Previous studies have found a link between cocoa flavanols and cardiovascular benefits. Now a recent, long ranging study has found a link between regularly eating chocolate and improved cognitive function.


Participants in the study included 968 New York residents between the ages of 23 and 98. The study took place between 1975 and 2000. All of the participants completed a food frequency questionnaire, in which they reported their consumption of a range of different foods and beverages, including chocolate. Additionally, they all underwent neuropsychological tests in order to determine cognitive function.


After accounting for demographic and lifestyle factors, including age, education, and other health factors, the researchers determined that the participants who ate chocolate at least once a week performed significantly better on a range of tests than those who ate chocolate infrequently. These tests included global composite, visual-spatial memory and organization, working memory, scanning and tracking and abstract reasoning.

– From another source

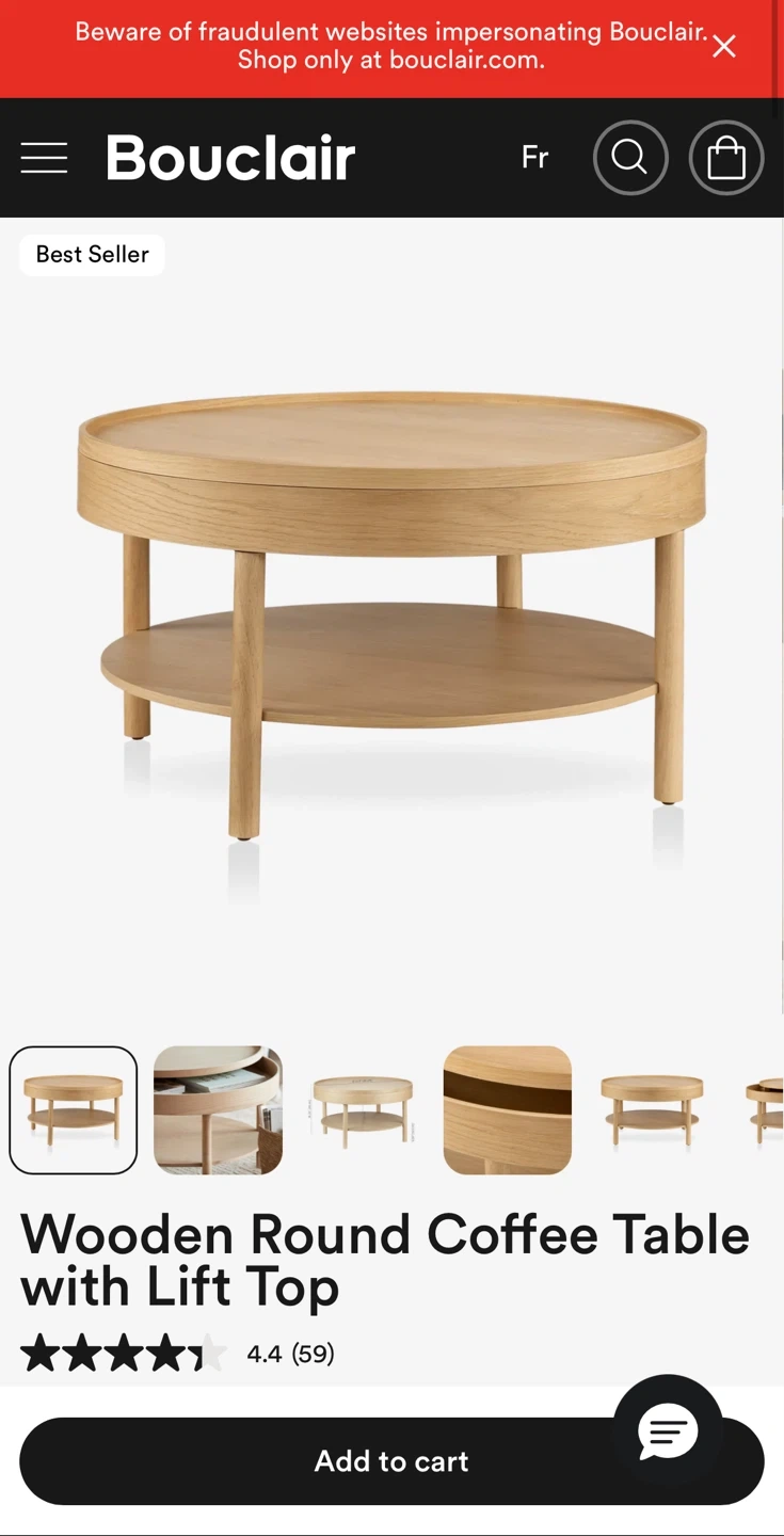 Bouclair found coffee table with lift top

The researchers noted that the study did not differentiate between milk, white, or dark chocolate. However, since the majority of chocolate consumed in the United States is milk or dark, they concluded the association can be made between those types of chocolate and improved cognitive function. They did suggest that more research is needed to determine the exact correlation between both dark and milk chocolate and cognitive function.


Researchers from the University of South Australia, the University of Maine, and the Luxembourg Institute of Health conducted the study. It was published online ahead of print on February 10, 2016, in the journal Appetite.


Most studies on the health benefits of chocolate have focused on dark chocolate, which has been linked with improved heart health and insulin resistance, as well as reduced blood pressure.


It’s important to keep in mind that excessive consumption of chocolate could negate the positive effects seen here and in other studies, as chocolate also has high fat, sugar, and calorie content. Your best bet is to eat small amounts of dark chocolate with high cocoa content.